And then there were six…

fd-paperbackSo yesterday my 6th paperback came in the mail. To say I was distracted while at work, is an understatement, but I still did my job to the best of my ability, so my present and my future are getting along currently.

I am excited about this novel…as I am for all of my ‘babies’ but this one is the first in a 3-part series, which means I get to play with my characters for two more novels…even better, those novels are written, so now it is just editing and polishing things up so that they can join their first one in the PUBLISHED category (moving up from the EDITING category, which then makes room for some new projects to join the WRITING category)…the assembly line in my head is as chaotic as you are probably imagining. ..but it’s fun. Just watch out for the unicorns.

All Josh Matthews ever wanted to do was hang out with his friends and be the quarterback of the Kansas City Chiefs.

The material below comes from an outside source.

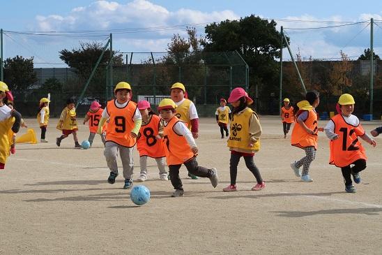 いよいよ、サッカーの試合です。赤チームと黄色チームに分かれて、どれだけ相手のカラーコーンにぶつけられるかを競いました。園児たちはビブスを着て楽しく試合に取り組んでいました。
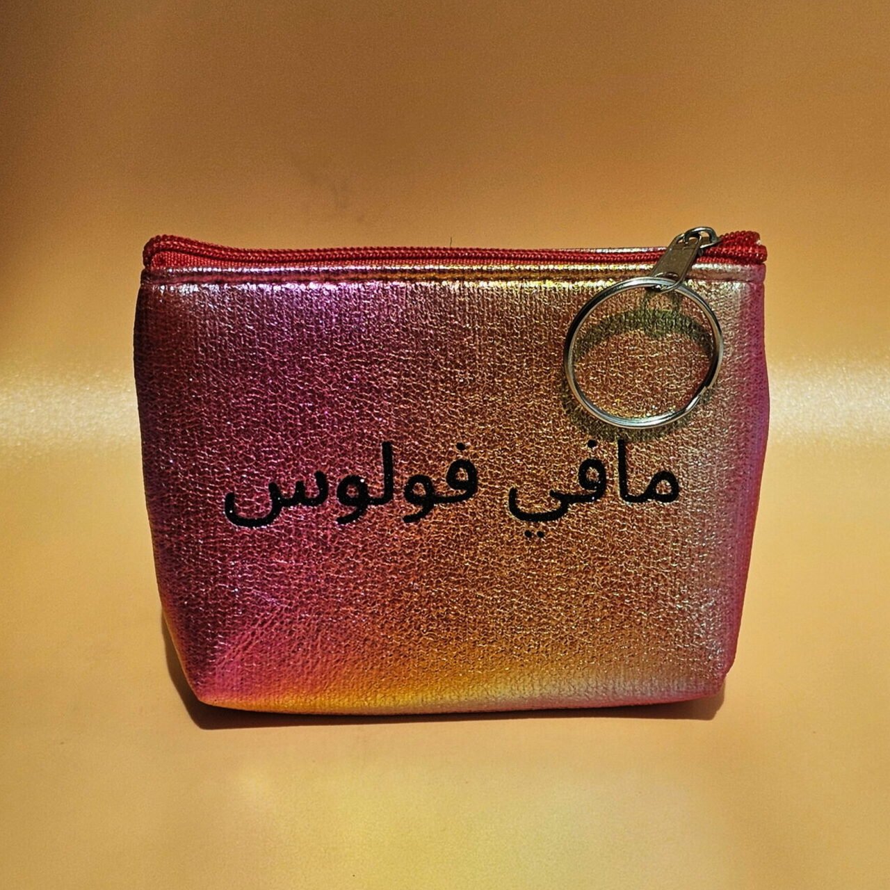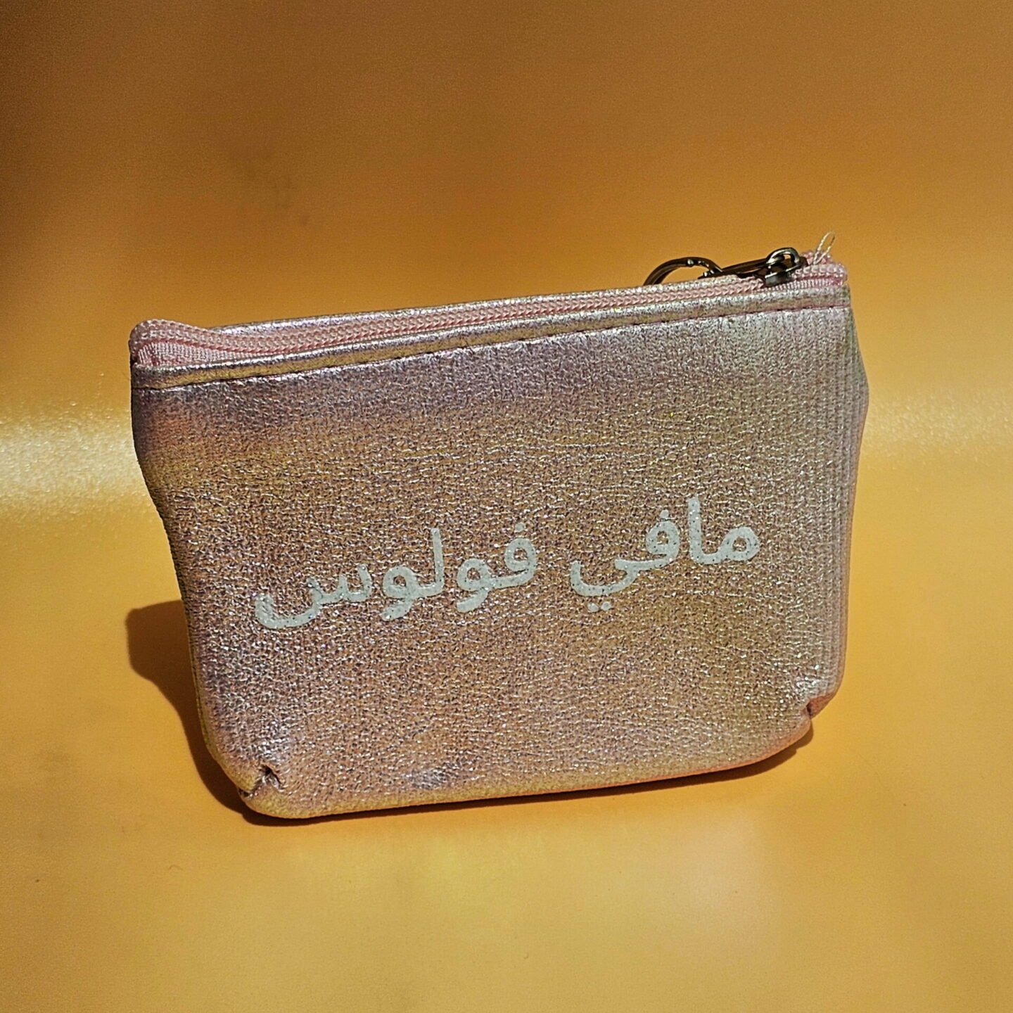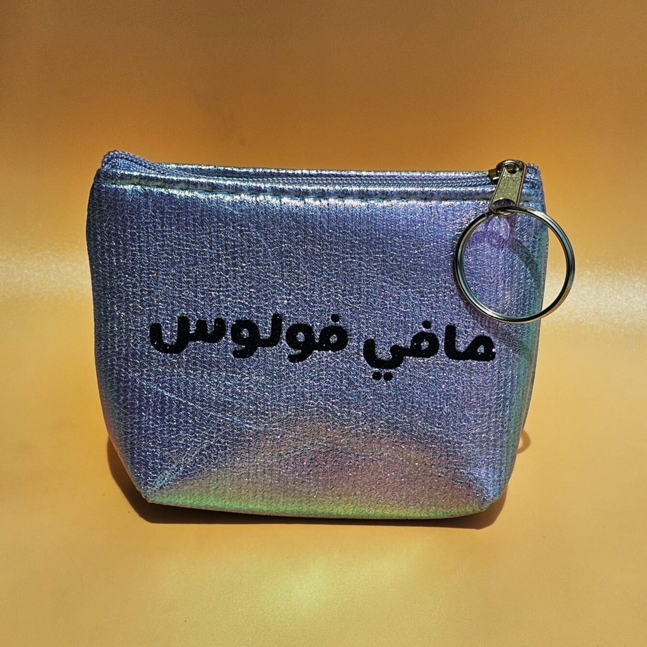 The design features the phrase “مافي فلوس” (Mafi Fulus), meaning “no money,” displayed in both Arabic and English.

He didn’t put any faith in the superstitions of his teammates and really played for the love of the game. When he sees a fan holding up a sign during the first regular season game, he decides to put the team’s superstitions to the test. Upon meeting Dillon Winters, and her daughter Lilly, everything changes, including his belief in Lucky Charms. Could this star quarterback find something even more important to him than football?

Dillon is a single mom who knows all too well the high price of fame. Her ex-husband taught her to avoid stars that were only shiny from a distance. She has been raising her daughter and working at her bar and doing just fine on her own. Can she get past
her fears and experiences to believe in love again?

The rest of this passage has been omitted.